2. Legislation will be introduced in Finance Bill 2009 to:

•    clarify the law relating to the tax treatment of amounts introduced by shareholders into the long term insurance fund (LTIF) of a life insurance company;

•    restrict the Case I deduction for amounts allocated to policyholders in certain exceptional circumstances;

•    clarify the transitional rules governing relief for repayments of contingent loans taxed under section 83ZA of the Finance Act (FA) 1989;

•    amend the rules governing the calculation of the 'floor' for gross roll-up business investment return to ensure consistent treatment of foreign business assets; and

•    change the anti-avoidance rules relating to value shifting to ensure that they will not apply when a reduction in value arises as result of a transfer of long-term insurance business between companies in the same group.

3. These changes are further products of the consultation on the simplification and modernisation of certain aspects of the tax law relating to life insurance companies launched by HM Revenue & Customs (HMRC) in May 2006.

Operative date

4. The changes to the tax treatment of amounts added to the LTIF will have effect for accounting periods ending on or after 22 April 2009 in respect of additions made on or after 22 April 2009.

5. Restrictions in relief for amounts allocated to policyholders will have effect for accounting periods ending on or after 22 April 2009 in respect of allocations made on or after 22 April 2009.

6. Changes to the floor calculation will have effect for accounting periods beginning on or after 1 January 2009 and ending on or after 22 April 2009.

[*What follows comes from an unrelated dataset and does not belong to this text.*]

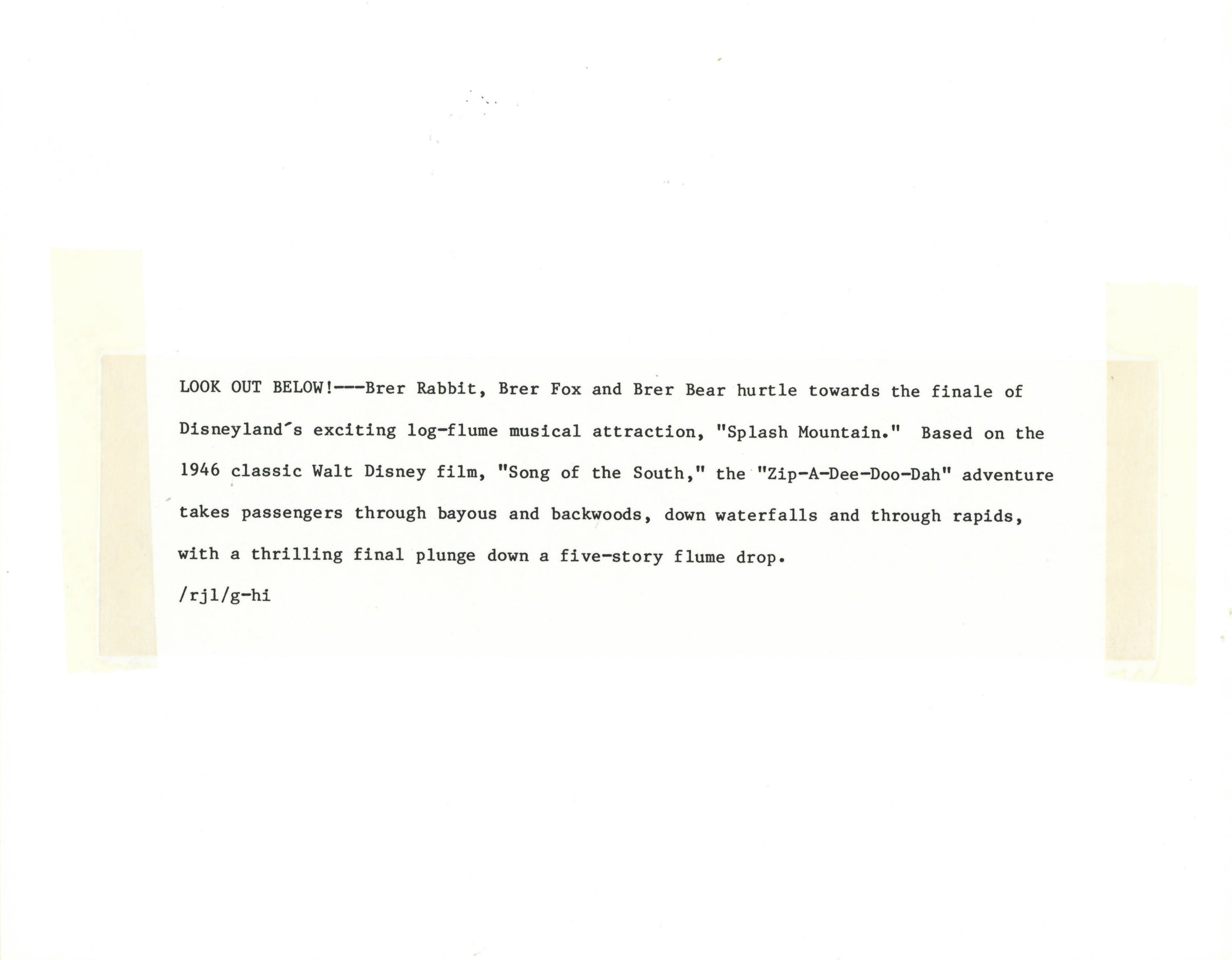 ABOUT THE IMAGE: "LOOK OUT BELOW!--Br'er Rabbit, Br'er Fox, and Br'er Bear hurtle towards the finale of Disneyland's exciting log-flume musical attraction, "Splash Mountain." Based on the 1946 classic Walt Disney film, "Song of the South," the "Zip-A-Dee-Doo-Dah" adventure takes passengers through bayous and backwoods, down waterfalls and through rapids, with a thrilling final plunge down a five-story flume drop."
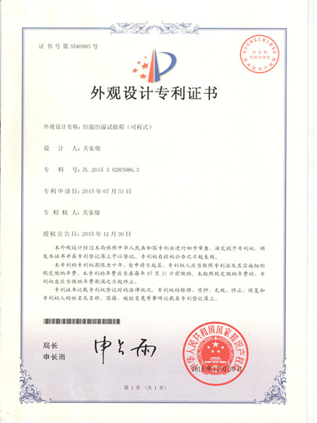 此文關鍵詞:恒溫恒濕試驗箱,恒溫恒濕箱專利證書

7. The change to the value shifting rules will apply to disposals of assets taking place on or after 22 April 2009.

Current law and proposed revisions

Amounts added to the LTIF

8. Currently the tax treatment of an addition to the fund is governed by a combination of case law and an unpublished concession. Generally life insurance companies make additions to their LTIFs for commercial or regulatory reasons. But HMRC has seen cases where additions facilitate the creation of a Case I loss which does not reflect a commercial loss and that Case I loss is used to reduce the other (non-life assurance) taxable profits of the company or other group companies.

9. Legislation will be introduced in Finance Bill 2009 to make it clear that additions to funds are not taxable receipts. A Case I loss will not be available to reduce the company's other taxable profits or to surrender as group relief where it arises in the same period as, or following, an addition to a non profit fund, and there is either a book value election or arrangements whose purpose is to reduce the admissible value of the assets. The legislation will not affect the use of losses arising in with profit funds or non profit funds which support with profit funds.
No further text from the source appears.